Re: Late Medical Billing in New York
Thanks jk, I didn't have a clue whether it was medicaid. However I am surprised there is no law for private insurer. What is this HIPAA all about?
Yes, they waited two years to bill even the HMO, I don't know why. They say they have been going back and forth with the insurance company, but I never got any communication from the insurance company on that.
Re: Late Medical Billing in New York
Quote:
=lishaji;425602] What is this HIPAA all about?
HIPAA deals with confidentiality of medical records, who they can be disclosed to and under what circumstances.
Quote:
Yes, they waited two years to bill even the HMO, I don't know why. They say they have been going back and forth with the insurance company, but I never got any communication from the insurance company on that
well, depending on the totality of the situation, you might have a legal defense to the debt but the only way to apply such a defense would be as a defense to being sued.

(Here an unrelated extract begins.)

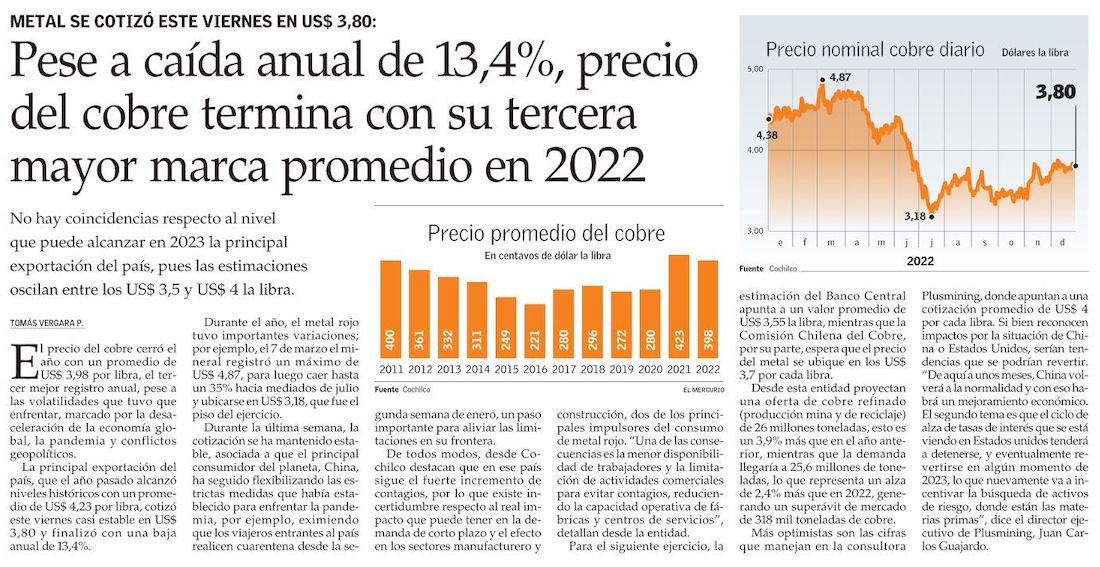 Cobre cierra 2022 por debajo de los US$4 la libra y precio anota caída anual de casi 14% - (emol)

So, since it actually is your bill, the moral thing to do would be to pay it. Personally, I would suggest an attempt at negotiating the bill to a lesser amount due to their failure to bill anybody (which is the possible defense if your were sued) in an attempt to simply put this behind everybody.
If you want to argue the point and refuse to pay, that is up to you. Any possible defense is a gamble so you could ultimately lose and end up with a judgment on your credit record to boot.
Re: Late Medical Billing in New York
Thank JK, for showing me where I stand. It is really helpful.
If there had been no screw up by the doctors office and had I received a bill in time, my PPO could have covered what HMO might have denied and the only cost to us is the little deductible for PPO-out of network participation. But now it looks, I have to bear the responsibility of somebody's mismanagement and pay much more.